On 2024/09/11 22:53, Matthew Rosato wrote:
On 9/11/24 6:58 AM, Akihiko Odaki wrote:
On 2024/09/11 18:38, Cédric Le Goater wrote:
+Matthew +Eric
Side note for the maintainers :
Before this change, the igb device, which is multifunction, was working
fine under Linux.
Was there a fix in Linux since :
57da367b9ec4 ("s390x/pci: forbid multifunction pci device")
6069bcdeacee ("s390x/pci: Move some hotplug checks to the pre_plug handler")
?
The timing of those particular commits predates the linux s390 kernel support
of multifunction/SR-IOV. At that time it was simply not possible on s390.
Is it OK to remove this check of multifunction now?
This code is not working properly with SR-IOV and misleading. It is
better to remove the code if it does no good.
It would be nice if anyone confirms multifunction works for s390x with
the code removed.
s390 PCI devices do not have extended capabilities, so the igb device
does not expose the SRIOV capability and only the PF is accessible but
it doesn't seem to be an issue. (Btw, CONFIG_PCI_IOV is set to y in the
default Linux config which is unexpected)
The linux config option makes sense because the s390 kernel now supports
SR-IOV/multifunction.
Doesn't s390x really see extended capabilities? hw/s390x/s390-pci-inst.c has a
call pci_config_size() and pci_host_config_write_common(), which means it is
exposing the whole PCI Express configuration space.

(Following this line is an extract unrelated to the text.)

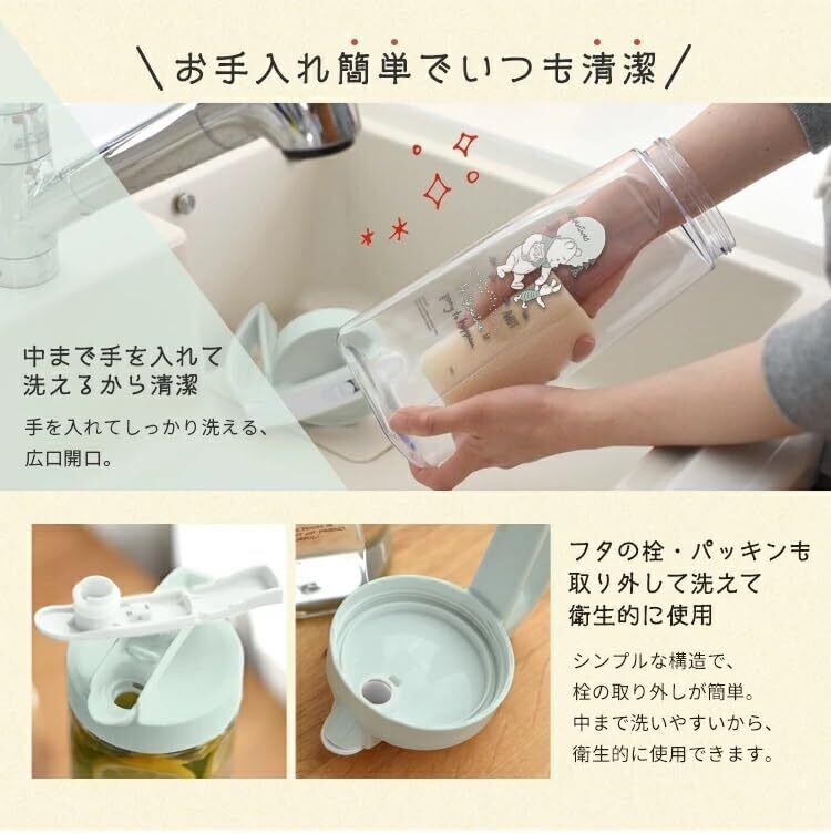 資材:本体/AS樹脂、栓/メタクリル樹脂、フタ/PP、止め具/ポリアセタール、パッキン/シリコーンゴム
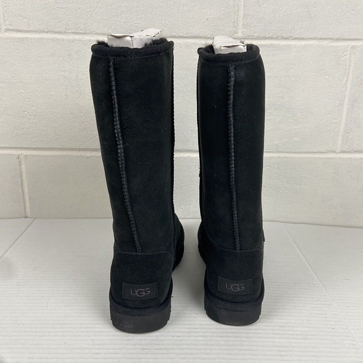 UGG Classic Tall II 2 Black Water-resistant Suede Sheepskin Boots Size 7 Women

Why can't s390x use
extended capabilities then?
So, rather than poking around in config space, s390 (and thus the s390 kernel)
has an extra layer of 'capabilities' that it generally relies on to determine
device functionality called 'CLP'. Basically, there are pieces of CLP that are
not currently generated (or forwarded from the host in the case of passthrough)
by QEMU that would be needed by the guest to recognize the SRIOV/multifunction
capability of a device, despite what config space has in it. I suspect this is
exactly why only the PF was available to your igb device then (missing CLP info
made the device appear to not have multifunction capability as far as the s390
guest is concerned - fwiw adding CLP emulation to enable that is on our todo
list).
What is expected to happen if you poke the configuration space anyway? I
also wonder if there is some public documentation of CLP and relevant
aspect of PCI support in s390x.
Sounds like the short-term solution here would be to continue allowing the PF
without multifunction being visible to the guest (so as to not regress prior
functionality) and then aim for proper support after with the necessary CLP
pieces.
I agree; we can keep the PF working.